BHARAT MITTAL v. STATE OF RAJASTHAN
Interpretation of "Drawer" under Section 148 NI Act: Deposit Requirement for Directors When Company Faces Legal Impediment - Matter Referred to Larger Bench.
Court: Supreme Court of India
Citation: 2025 INSC 1459
Decision Date: 18-12-2025
List of Laws
The Negotiable Instruments Act, 1881; Section 138 of the Negotiable Instruments Act, 1881; Section 141 of the Negotiable Instruments Act, 1881; Section 148 of the Negotiable Instruments Act, 1881; Section 143A of the Negotiable Instruments Act, 1881; The Companies Act, 1956; Code of Criminal Procedure, 1973
- Facts: The Steel Authority of India (SAIL) entered into a Memorandum of Understanding with Shiv Mahima Ispat Private Limited for the supply of steel. A cheque issued by Shiv Mahima Ispat, signed by its director Bharat Mittal, was dishonored. SAIL filed a complaint under Section 138 of the Negotiable Instruments Act against Shiv Mahima Ispat and Bharat Mittal. Subsequently, the High Court ordered the winding up of Shiv Mahima Ispat. The Trial Court convicted Bharat Mittal under Section 138 and directed him to pay compensation. Bharat Mittal appealed, and the Appellate Court suspended his sentence on the condition that he deposit 20% of the compensation amount. He sought exemption from this deposit, arguing that the company was wound up, the Official Liquidator had partly satisfied SAIL's claim, and he was wrongly convicted without the company being convicted. The High Court dismissed his petition, leading to the present appeal before the Supreme Court.
- Procedural Posture: The case reached the Supreme Court after the High Court dismissed Bharat Mittal's petition challenging the Appellate Court's order that required him to deposit 20% of the compensation amount for suspension of sentence in an appeal against his conviction under Section 138 of the Negotiable Instruments Act.
- Issue: When a director of an accused company is convicted under Section 138 of the Negotiable Instruments Act, without the company itself being convicted due to a legal impediment like winding up, can the appellate court, while hearing the appeal filed by the director challenging his conviction and sentence, impose a condition of depositing 20% of the amount as prescribed under Section 148 of the Act; and whether the term "drawer" in Section 148 applies only to the company or also to the director/authorized signatory?
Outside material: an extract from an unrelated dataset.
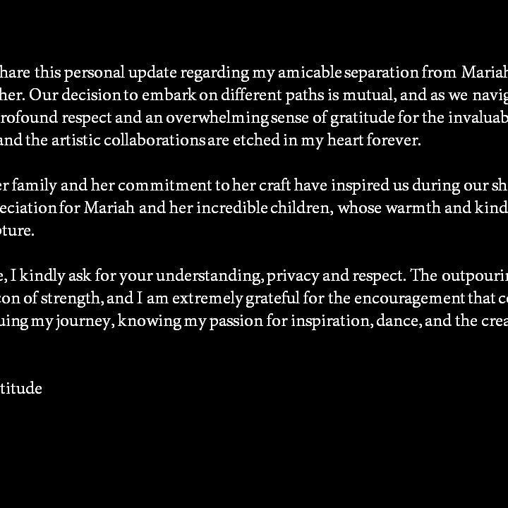 „Cu emotii amestecate, impartasesc aceasta actualizare personala cu privire la separarea mea amiabila de Mariah Carey, dupa sapte ani extraordinari impreuna. Decizia noastra de a porni pe cai diferite este reciproca si o facem cu un respect profund si un sentiment coplesitor de recunostinta pentru timpul nepretuit pe care l-am impartasit. Amintirile pe care le-am creat si colaborarile artistice sunt gravate in inima mea pentru totdeauna. Astept cu nerabdare sa-mi continui calatoria, stiind ca pasiunea mea pentru inspiratie, dans si artele creative va rezona in capitolele care se vor derula”, a scris el pe Instagram.

- Holding: The Supreme Court expressed disagreement with prior decisions that granted blanket exemptions from deposit under Section 148 to directors when the company could not be prosecuted. The Court held that a director cannot be granted a blanket exemption from the deposit contemplated under Section 148 of the Act, as suggested in Bijay Agarwal. Whether such exemption is warranted must necessarily depend upon the factual matrix of each individual case. The Court referred the matter to a larger bench due to the substantial interpretative question involved.
- Reasoning: The Court reasoned that a strict, literal interpretation of "drawer" as only the company, as held in Gurudatta Sugars and Bijay Agarwal, would defeat the compensatory and remedial intent of Sections 143A and 148 of the Negotiable Instruments Act, particularly when the company cannot be prosecuted due to a legal impediment. The Court emphasized that these sections aim to provide interim relief to payees in cheque dishonor cases and to deter frivolous defenses. The Court observed that a purposive interpretation, aligned with the legislative intent, should be preferred, and that the appellate court should consider the specific facts of each case when deciding whether to grant an exemption from the deposit requirement. The Court acknowledged the doctrine of corporate separateness but emphasized the need to consider the economic realities of cheque transactions and the role of directors in the company's affairs.